Франческа мельком взглянула на Хафуза, кажется, улыбнулась и вдруг, почти издеваясь, спросила:

– Неужели здесь кто-то на чем-то может играть? Море играет, я понимаю, ветер играет и солнце, я понимаю, но рыбак…

– Я не рыбак, я моряк, хозяин маленького корабля… с парусом. И еще играю…

– И на чем же?

– На кларнете.

– Ну да, а на чем же может еще играть крымчак, не на рояле же…

– Нет разницы на чем, была бы музыка в мышцах, настоящий музыкант играет телом, – обиженно ответил Хафуз. – Кларнет – это наш инструмент, а рояль чей – я не знаю. И потом, его тяжело таскать с собой, а кларнет взял подмышку и пошел себе куда хочешь…

– Вот как, – надменно сказала Франческа, – ну-ну… Но надо хотя бы знать, что кларнет – это французский инструмент… – и исчезла за воротами римской дачи.

– А мне все равно, какой национальности кларнет, главное, что я его люблю, – прокричал Хафуз уже вдогонку Франческе.
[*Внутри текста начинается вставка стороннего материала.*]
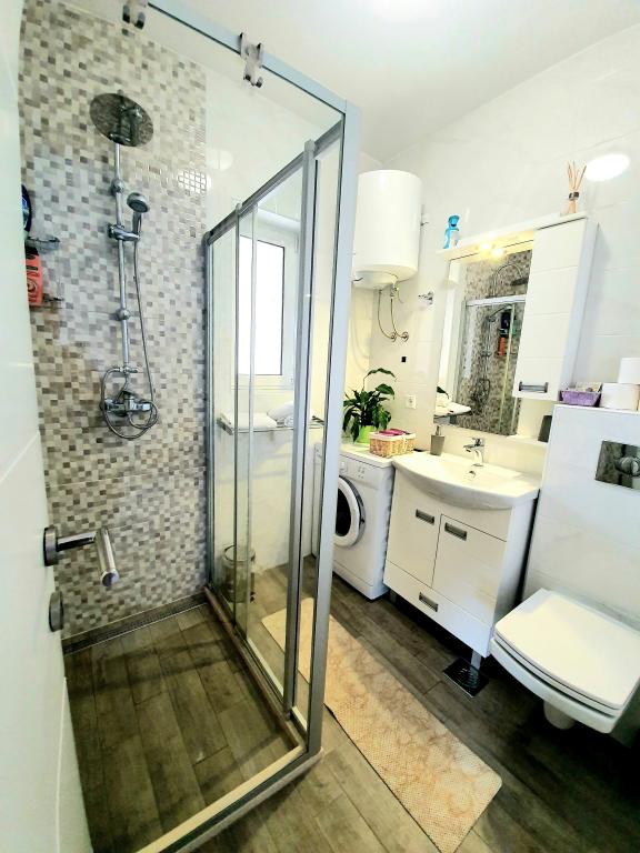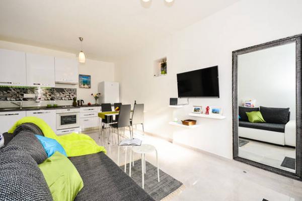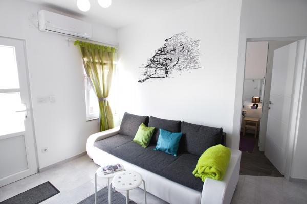 Bine ați venit în noul apartament cu o cameră, luxos, orientat spre sud și însorit, cu o terasă mare, complet utilată, la doar 10-15 minute de mers pe jos de orașul vechi! Apartamentul dispune de tot ce ai nevoie pentru o ședere confortabilă și plăcută chiar și pentru o perioadă mai lungă (cuptor, cuptor cu microunde, ceainic, aparat de cafea, frigider mare, congelator, plită, vase, mașină de spălat vase, mașină de spălat, uscător de păr, fier de călcat, masă pentru călcat, TV, wifi, aer condiționat...). Oaspeții au intrare separată și liniște. Este ideal pentru două persoane deoarece are un dormitor cu un pat king-size cu o saltea anatomică înaltă, dar poate găzdui două persoane suplimentare deoarece în living există o canapea care se rabatează într-un pat confortabil de 160x200. Locație excelentă, liniștită, sigură și la aproximativ 10 minute de oraș, și nu aveți nevoie de mașină pentru a ajunge în orașul vechi, dar pentru cei cărora nu le place să meargă pe jos există o stație de autobuz la aproximativ 100 de metri de apartamentul, iar autobuzele 3 și 3a merg direct la Pile, la stația de autobuz și la debarcaderul principal al portului (pentru excursii pe insule).
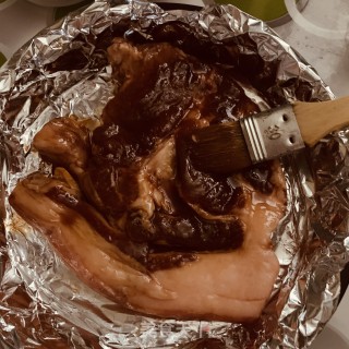 翻面,把剩下的腌肉的酱汁再倒进去刷均匀,迅速刷一层蜂蜜,放进烤箱继续烤。
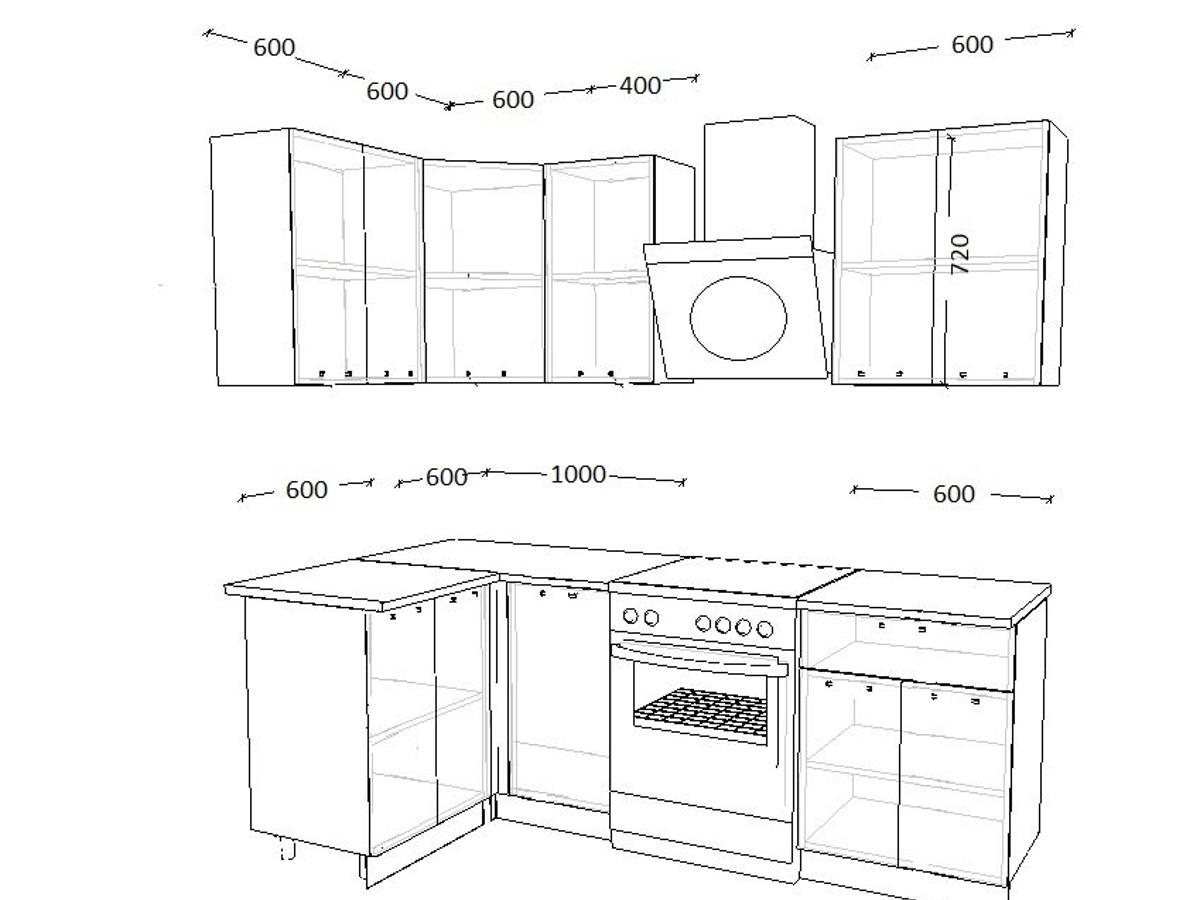 Кухонная мойка, стеновая панель, посудосушитель, планки для столешницы в комплект не входят.
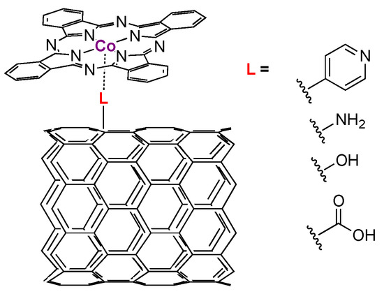 Other approaches to immobilizing PcCo onto CNTs involve initial modification of the CNTs with functional groups that can act as ligands to the open axial sites in PcM complexes (Figure 7). Such additional ligands can affect the properties of the metal site, as described below in the cases of PcCo encapsulated in ligating polymers. Addition of pyridine to CNTs and addition of PcCo gives rise to materials that support CO2-to-CO conversion [62]. The pyridine groups aid in both dispersing the PcCo and in tuning the electronic properties of the Co site. In comparison to other dispersed PcCo [45], the reported rate constants are about a factor of three faster. At higher PcCo loadings, the rate constants become independent of deposition of CNTs or macroscopic substrates, reinforcing the idea that aggregation and occlusion of active sites is a crucial consideration of PcM preparations. CNTS also can be modified to include -COOH, OH, or NH2 groups along their backbone (Figure 7) [63]. All three of those groups promote better dispersity and therefore better CO2 reduction activity, but the NH2-modified CNTs show the overall best kinetics. Interestingly, the turnover frequencies for the NH2- and pyridine-modified CNTs are about the same (ca. 30 s−1). In both of the above examples, the Tafel slopes are near 120 mV per decade, suggesting that an electron transfer is rate limiting and, in contrast to higher loadings, transport limitations are absent.

Балаклавская бухта сама была похожа на кларнет, если посмотреть с высоты остатков генуэзских башен, вечно сбегавших по склону горы. За склоном ритмично билось море, – такое же вытянутое черно-синее с мундштуком в начале и расширенным окончанием, а по бокам – с набережными: одной грузовой, другой с жилыми домами. Хафуз жил как раз в конце набережной, недалеко от этой дачи. Дня на два или три все смолкло вокруг этой дачи, но Хафуз не мог забыть обидных слов Франчески. «Вот какая стерва, думает, тут уже не люди, коль из Италии, а все равно приехала сюда к нам», – размышлял про себя Хафуз и понимал, что неравнодушие к Франческе просыпается в нем все больше. Ближе к выходным дням он на своей лодке катал под вечер кого-то из отдыхающих и вдруг увидел, что на балконе римской дачи, нависающей прямо над морем, появилась Франческа и помахала ему рукой. Хафуз сделал вид, что не заметил ее, и упорно правил лодкой. Уже возвращаясь домой через створ бухты после большой воды, он в темноте опять увидел балкон римской дачи: на нем было пусто. И он вдруг неожиданно достал кларнет из мягкой и чистой тряпицы, в которой его хранил, и начал играть. Штиль, да еще брошенный перед этим якорь, остановили лодку. Все погружалось во тьму южного вечера. Только мерцающие, словно слезящиеся, огоньки на склонах бухты, сверчки и цикады, да шевелящиеся звезды над головой напоминали о жизни вокруг. И еще белый свет на балконе и медузы, словно выплывавшие из глубин моря на звуки музыки… Хафуз играл, играл грустные мелодии и думал, что вот-вот Франческа выйдет на балкон… Но Франческа не выходила. А Хафуз продолжать дуть в деревянную трубку, перебирал клапаны пальцами, не переставая думать о Франческе… Наконец, так и не увидев Франческу на балконе, он умолк.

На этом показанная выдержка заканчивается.